Task requirements: When you retype the records that follow, keep each word as it is and drop any pictures.

** Opening Source data block **

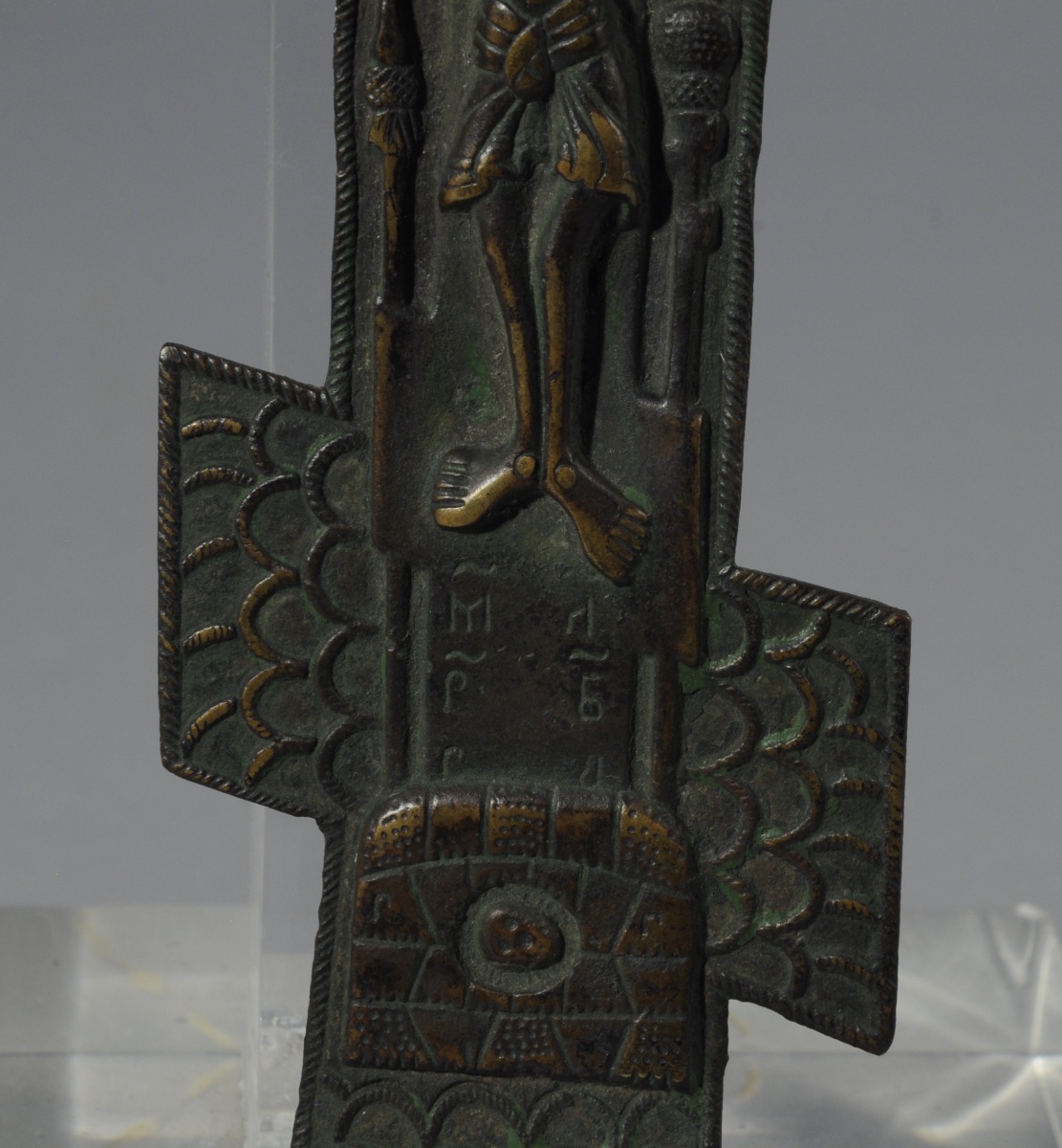 CRUCIFIX en bronze. Travail russe ancien. Haut. 19,5 Larg. 11,5 cm.
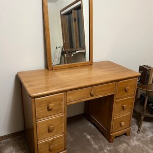 Beautiful 7-Drawer Antique Maple Vanity, Dovetailed, with Recessed Sides and Matching Wall Mirror
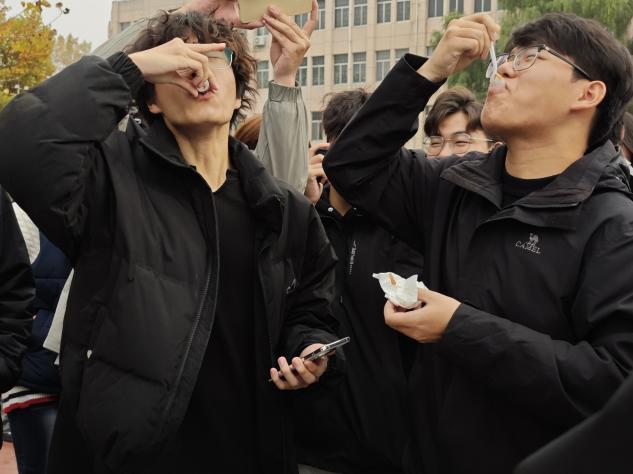 活动尾声,裁判员根据各项目比赛成绩,为前两名队伍颁发小零食作为奖励;同时,为每个项目的后两名队伍设置了趣味惩罚环节,吃蘸芥末酱的饼干、品尝酸梅精、饮用蛇草水等环节,让现场气氛持续升温,欢声笑语不断。
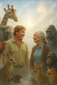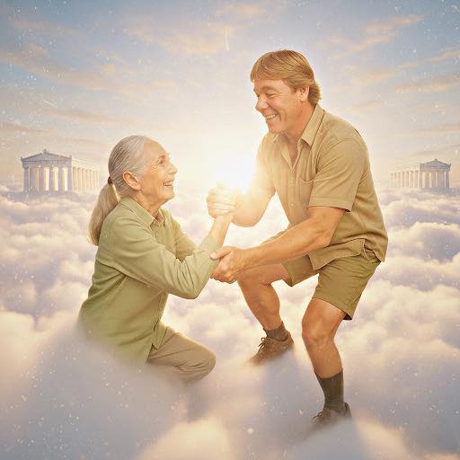 While the information regarding Jane Goodall’s passing is incorrect (she is alive and actively working! Born April 3, 1934), the image of her meeting Steve Irwin in heaven is a beautiful tribute to two extraordinary lives.
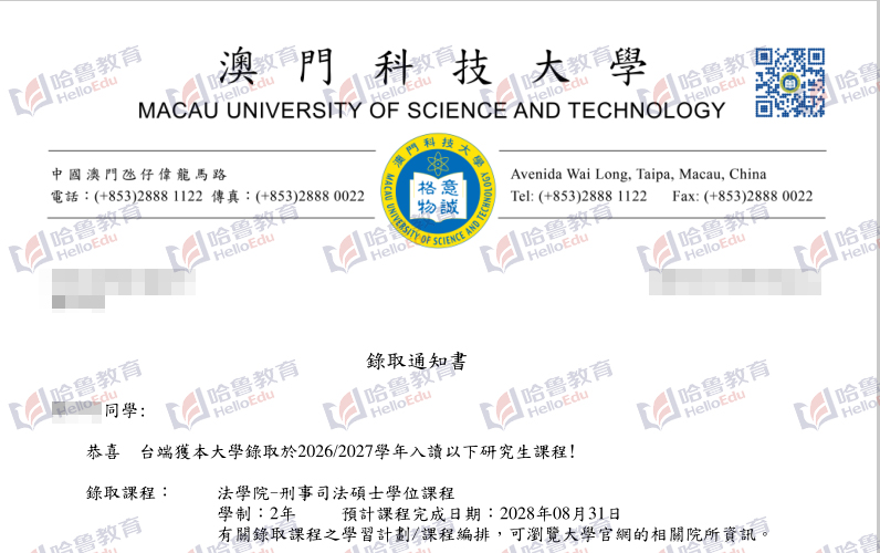 【哈鲁2026录取】GPA2.7+获澳门科技大学刑事司法学硕士offer!

** Closing Source data block **

Response to this task:
 CRUCIFIX en bronze. Travail russe ancien. Haut. 19,5 Larg. 11,5 cm.
 Beautiful 7-Drawer Antique Maple Vanity, Dovetailed, with Recessed Sides and Matching Wall Mirror
 活动尾声,裁判员根据各项目比赛成绩,为前两名队伍颁发小零食作为奖励;同时,为每个项目的后两名队伍设置了趣味惩罚环节,吃蘸芥末酱的饼干、品尝酸梅精、饮用蛇草水等环节,让现场气氛持续升温,欢声笑语不断。
 While the information regarding Jane Goodall’s passing is incorrect (she is alive and actively working! Born April 3, 1934), the image of her meeting Steve Irwin in heaven is a beautiful tribute to two extraordinary lives.
 【哈鲁2026录取】GPA2.7+获澳门科技大学刑事司法学硕士offer!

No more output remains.